A symposium there focused on the recent randomized, controlled COORDINATE-Diabetes trial, which investigated a multipronged educational intervention in 43 U.S. cardiology clinics aimed at improving prescribing of guideline-recommended treatments for people with both type 2 diabetes and cardiovascular disease. Compared with clinics that were randomly assigned to offer usual care, the intervention significantly increased recommended prescribing of high-intensity statins, angiotensin-converting enzyme inhibitors or angiotensin receptor blockers (ARBs), and sodium-glucose cotransporter 2 (SGLT2) inhibitors and/or glucagonlike peptide 1 receptor agonists (GLP-1 agonists).

COORDINATE-Diabetes was aimed at cardiologists, who typically see these patients more often than do endocrinologists. However, the results are relevant to all health care providers involved in the care of those with type 2 diabetes, speakers argued at the ADA symposium.

“This is a cardiology study. I think it’s safe to say that not too many of you in the room are cardiologists. So why would you care about the results of the COORDINATE study?” said Ildiko Lingvay, MD, of the University of Texas Southwestern Medical Center, Dallas.

Dr. Lingvay went on to outline reasons that the COORDINATE findings apply to endocrinologists and primary care clinicians, as well as cardiologists. For one, a study from her institution that was presented at a recent internal medicine meeting showed that, among more than 10,000 patients with type 2 diabetes and cardiovascular disease, heart failure, and/or chronic kidney disease, the proportion of patients who were prescribed the appropriate guideline-indicated medications was 20.1% for those seen in primary care, 24.8% in endocrinology, 20.3% in cardiology, and 18.3% in nephrology.

“So, we [endocrinologists are] not that much better [than other specialties]” at prescribing, she noted.

Mikhail N. Kosiborod, MD, in independent commentary called the COORDINATE trial and other similar initiatives “the beginning of care transformation.”

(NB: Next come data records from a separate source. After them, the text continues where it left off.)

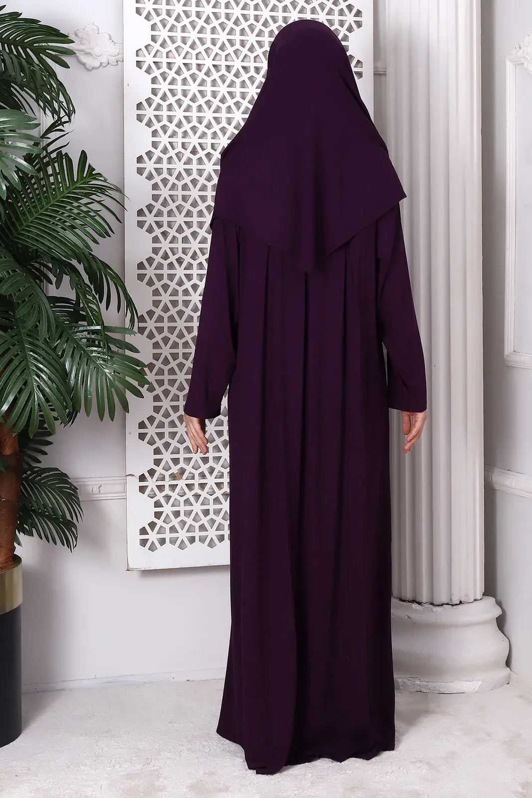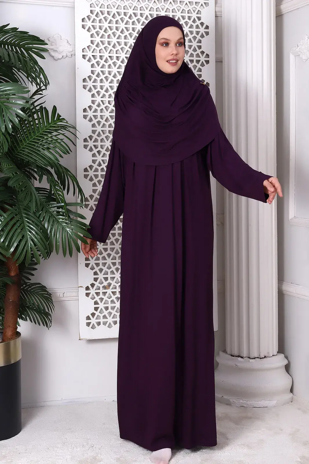 Ürün başörtüsüyle tek parçadan oluşur, pratik ve kolay giyilir.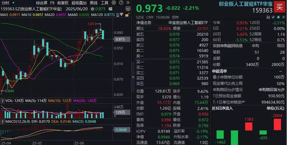 一、周五(6月20日),A股縮量震蕩,科技股全線走低。AI應(yīng)用領(lǐng)跌原因:短期遇冷與結(jié)構(gòu)性挑戰(zhàn) 市場(chǎng)表現(xiàn) 創(chuàng)業(yè)板人工智能ETF(159363):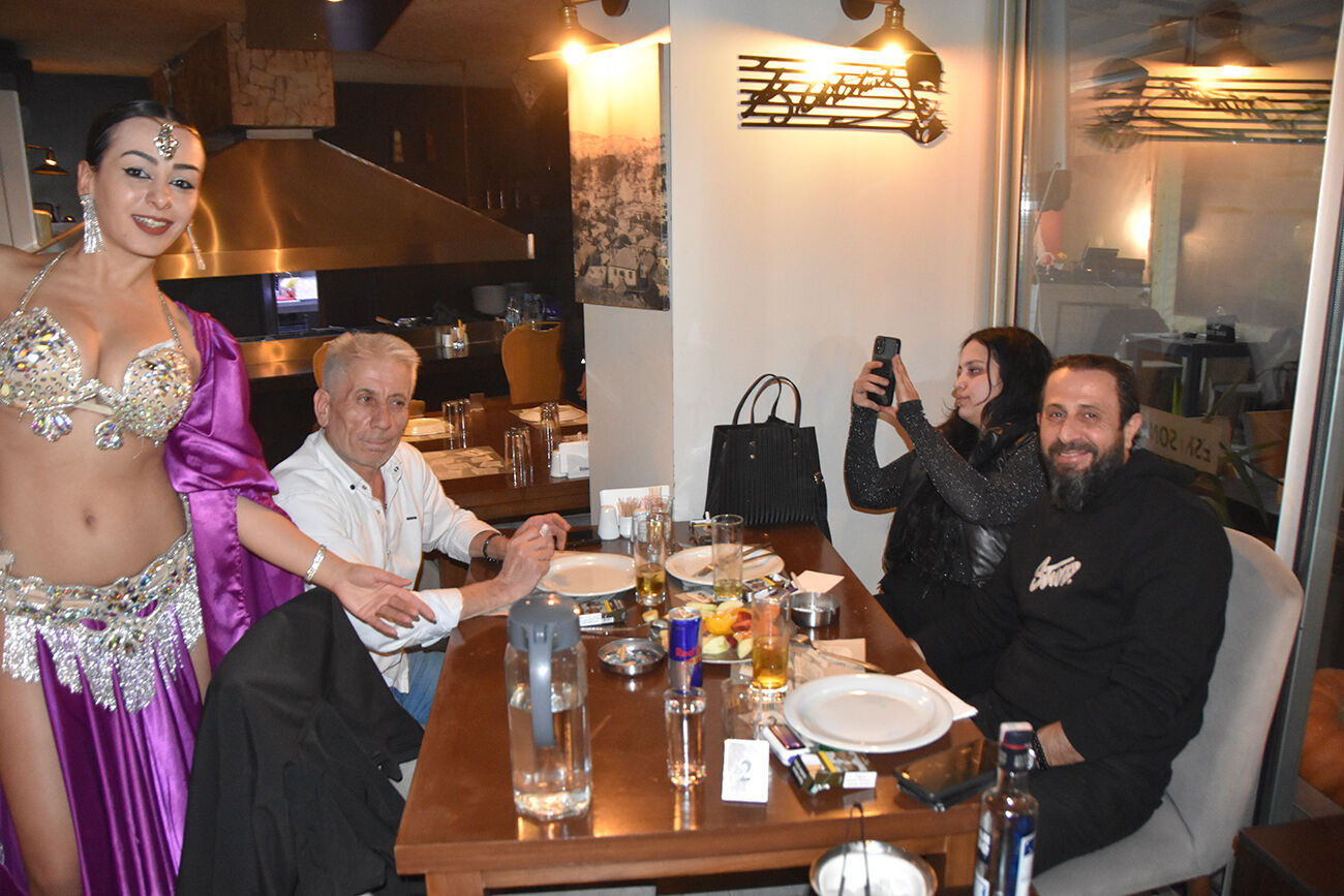 Gecede çalan hareketli şarkılarla yerlerinde duramayan ikili, eğlencenin dozunu bir an olsun düşürmedi. Masada dansöz oynatarak geceye renk katan Nurten Ayhan ve Mustafa, enerjileriyle dikkat çekti.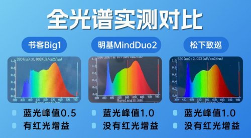 (2)三款灯实测结果对比• 书客Big1:蓝光峰值0.5,具备明显红光增益 • 明基MindDuo2:蓝光峰值1.0,无红光增益 • 松下致巡:蓝光峰值1.0,无红光增益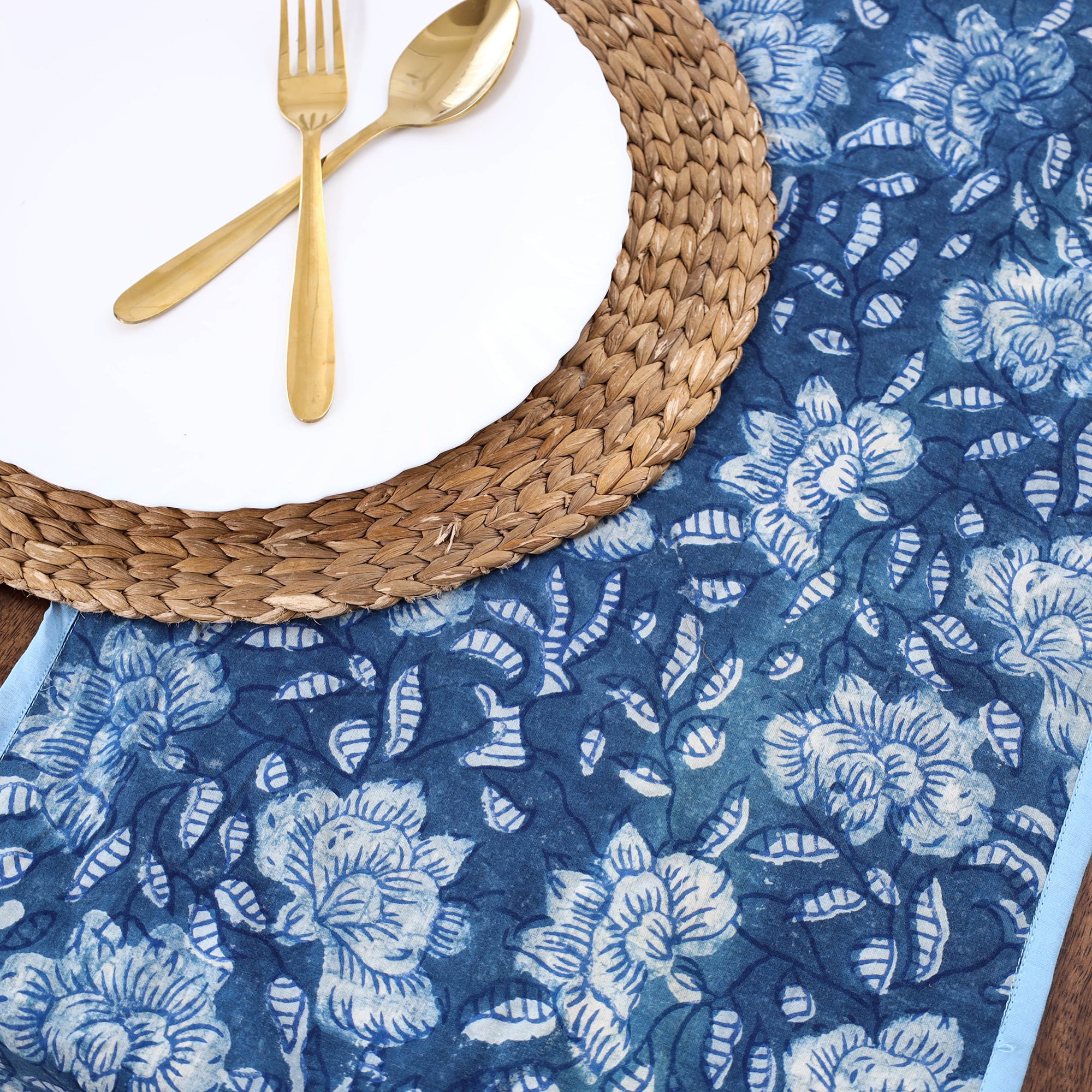 Add a touch of charm to your table with this blue handcrafted blue cotton table runner, created by skilled artisans using traditional techniques and heritage textile work. Whether laid on a dining table or styled over a centre table, it adds a simple yet graceful aesthetic to your space.

The COORDINATE-Diabetes results were originally presented in March at the joint scientific sessions of the American College of Cardiology and the World Heart Federation. The study was simultaneously published in JAMA.
 

‘They’ve shown we can do better’

Asked to comment, Robert H. Eckel, MD, said in an interview, “I look at COORDINATE as a wake-up call to the need for multispecialty approaches to people with type 2 diabetes and cardiovascular disease. ... I think it’s a step in the door.”

Dr. Eckel, who has long advocated for a new “cardiometabolic” physician subspecialty, noted that COORDINATE-Diabetes “stopped short of training health care providers in the science and medicine of cardio-renal-metabolic disease.”

Nonetheless, regarding the efforts toward a more coordinated system of care, Dr. Eckel said, “I support the concept, unequivocally.” He is associated with the division of endocrinology, metabolism, and diabetes, University of Colorado at Denver, Aurora.

But the cost-effectiveness of the intervention “requires time to assess,” he added. “We don’t know anything yet other than [that] managing drug administration to meet goals that relate to outcomes in people with diabetes can be accomplished. They’ve shown that we can do better.”
 

 

 

Why should you care about a cardiology study?

In COORDINATE-Diabetes, 20 of the centers were randomly assigned to provide five interventions: assess local barriers, develop care pathways, coordinate care, educate clinicians, report data back to the clinics, and provide tools for the 459 participants. The other 23 clinics, with 590 participants, were randomly assigned to provide usual care per practice guidelines.

The primary outcome was the proportion of participants that prescribed all three groups of the recommended therapies at 6-12 months after enrollment; 37.9% prescribed the intervention, and 14.5% provided usual care, a significant 23% difference (P < .001). The rate of prescriptions of each of the three individual drug groups was also significantly higher with the intervention. No differences were seen in cardiovascular risk factors or outcomes.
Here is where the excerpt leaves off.